### INPUT DATA
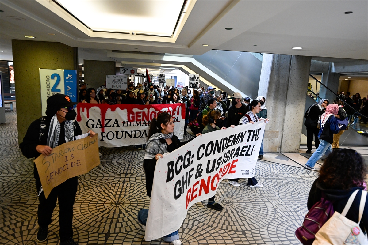 ABD'nin San Francisco kentinde toplanan yüzlerce eylemci, Gazze'deki insani krizi ve Boston Consultancy Group'un İsrail'le ilişkilerini protesto etti.
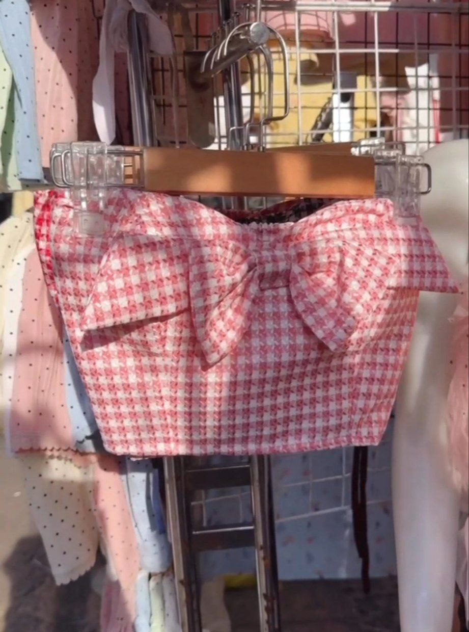 Z741 小香风蝴蝶结带胸垫抹胸短上衣
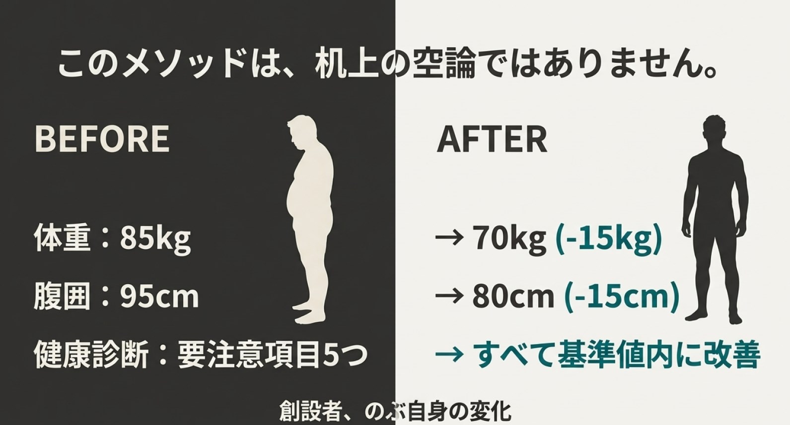 【ご挨拶】 はじめまして、のぶと申します。40代を迎え、仕事の責任も増す中で、私の身体は悲鳴を上げていました。鏡に映る姿にため息をつき、階段を上るだけで息が切れる日々。「このままではいけない」と一念発起するも、情報に振り回され失敗の連続。心身ともに疲弊しきっていました。

### WHAT THIS TASK INVOLVES
Nothing but the pictures should be left out when the listing is repeated exactly.

### YOUR SOLUTION
 ABD'nin San Francisco kentinde toplanan yüzlerce eylemci, Gazze'deki insani krizi ve Boston Consultancy Group'un İsrail'le ilişkilerini protesto etti.
 Z741 小香风蝴蝶结带胸垫抹胸短上衣
 【ご挨拶】 はじめまして、のぶと申します。40代を迎え、仕事の責任も増す中で、私の身体は悲鳴を上げていました。鏡に映る姿にため息をつき、階段を上るだけで息が切れる日々。「このままではいけない」と一念発起するも、情報に振り回され失敗の連続。心身ともに疲弊しきっていました。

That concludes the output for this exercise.